Voy con una mochila y llevo 15 kilos de material porque voy preparado para la mayoría de eventualidades que me pueda encontrar por el camino". Entre las situaciones que se pueden dar, destaca "suturar o coser, desinfectar y lavar heridas", así como "resolver algún tipo de traumatismo".
En cuanto a medicamentos, lleva aquellos destinados a
"tratar infecciones, alergias, diarreas, problemas oculares y problemas otológicos". También "test para diagnosticar el Covid-19 o la malaria" en determinadas zonas e incluso "equipos de infusión e inhaladores para los asmáticos". "Llevo también material para
tomar tensión arterial, para la determinación de la saturación de oxígeno, pinzas especiales...", enumera el neurólogo.
Emergencias y toma de decisiones
Y es que durante las expediciones surgen
situaciones que requieren decisiones rápidas y precisas. Gascón recuerda un episodio crítico en Kirguistán: "A una cierta altura tuvimos que bajar a un compañero, porque entre cuestiones físicas y que tenía una enteritis, se puso
muy hipertenso y muy taquicárdico durante varias horas. Al ser un compañero con cierta edad y en una situación de riesgo, hubo que actuar: "Si te quedas allí, pasan demasiadas horas en esta situación hemodinámica, pero la solución es fácil, bajas. Lo bajas a una altura donde el oxígeno esté mucho más disponible y su cuerpo entonces responde y se desestresa y deja de estar hipertenso y de estar taquicárdico. El problema de tener a alguien de cierta edad a tensiones altas y frecuencias cardíacas altas es que pueda tener algún evento cardiovascular".
Gascón explica que la
prevención de problemas sanitarios comienza antes del viaje mediante reuniones online con los expedicionarios y el staff. Allí se explican desde medidas de higiene hasta recomendaciones básicas de viaje. "En esas videoconferencias, yo explico
aspectos médicos, desde cómo prevenir la diarrea del viajero lavándote las manos y comiendo lo que tienes que comer hasta que tienes que llevar agua y ponerte protector solar y buen repelente de insectos", cuenta.

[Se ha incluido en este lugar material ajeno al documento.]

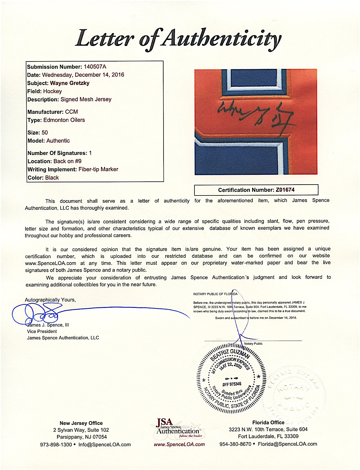 The autograph includes an official James Spence Authentication (JSA) hologram and matching LOA for authenticity purposes.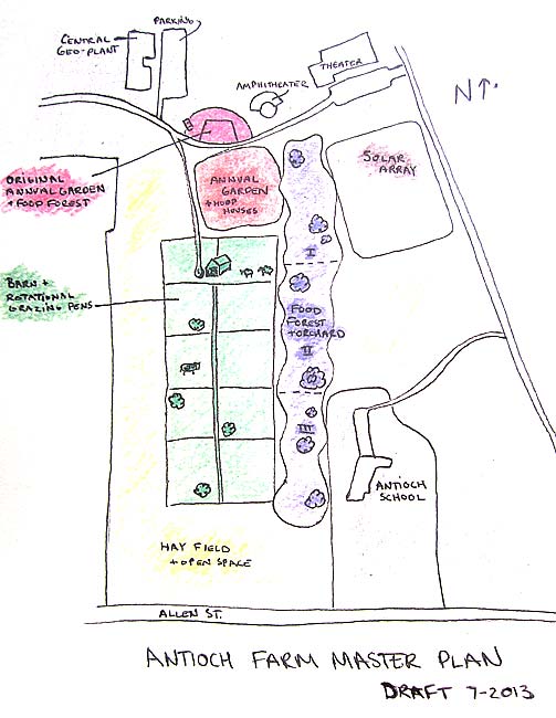 A conceptual rendering of the Antioch College farm by farm manager Kat Christen illustrates the multi-use plans the college envisions for the property long known as the golf course. Representatives from the college will present a revised land-use plan to Village Council on Monday, Aug. 5, with hopes of getting the zoning code to permit a certain number of farm animals on the property, to be used mostly for academic experimentation in sustainable agriculture. (Map courtesy of Antioch College)

Cultura y aprendizaje personal
Sobre las habilidades necesarias para un
médico de expediciones, el neurólogo asegura que debes "ser una persona con paciencia y con
tolerancia a las interrupciones y a los imprevistos porque estás allí y es como estar en Urgencias, los pacientes van llegando, no están programados". Eso en la parte médica, mientras que, además, tienes que tener un "aspecto humano en concordancia o compatilidad con el hecho de estar viajando y con las incomodidades que un viaje puede comportar y la capacidad de resiliencia y paciencia y saber disfrutar de viajar con equipo de personas que van a hacer un trabajo".
En este caso, afirma que debes tener claro que
el papel de médico es "en un segundo plano": "El eje del viaje es ese trabajo periodístico y ese componente académico, pero eso no quita que no tengas que integrarte con el equipo, que no tengas que participar con los chavales si tienen alguna necesidad, con los monitores o con el staff". En definiitva, a su juicio, al médico de expediciones debe "gustarle su trabajo y ser un buen viajero a quien le resulte fácil adaptarse a todo".

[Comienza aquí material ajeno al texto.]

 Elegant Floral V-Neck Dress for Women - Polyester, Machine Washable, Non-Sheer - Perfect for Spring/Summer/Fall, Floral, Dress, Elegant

Finalmente, sobre lo que la experiencia le ha enseñado, resume que este tipo de intervenciones "han sido fáciles" desde su punto de vista. Lo que ha aprendido, continúa, es a saber por un lado que puede hacerlo y que le resulta "cómodo y divertido
" juntar su "formación, su trabajo profesional como médico y su afición por viajar". Por otro, afirma que "es un lujazo viajar con amigos con los que te entiendes perfectamente, cada uno con su rol e independencia", aunque también interaccionar "con gente mucho más joven". Así, el
contacto con distintas culturas y personas ha marcado su experiencia. "La verdad es que todo ha sido espectacular", concluye.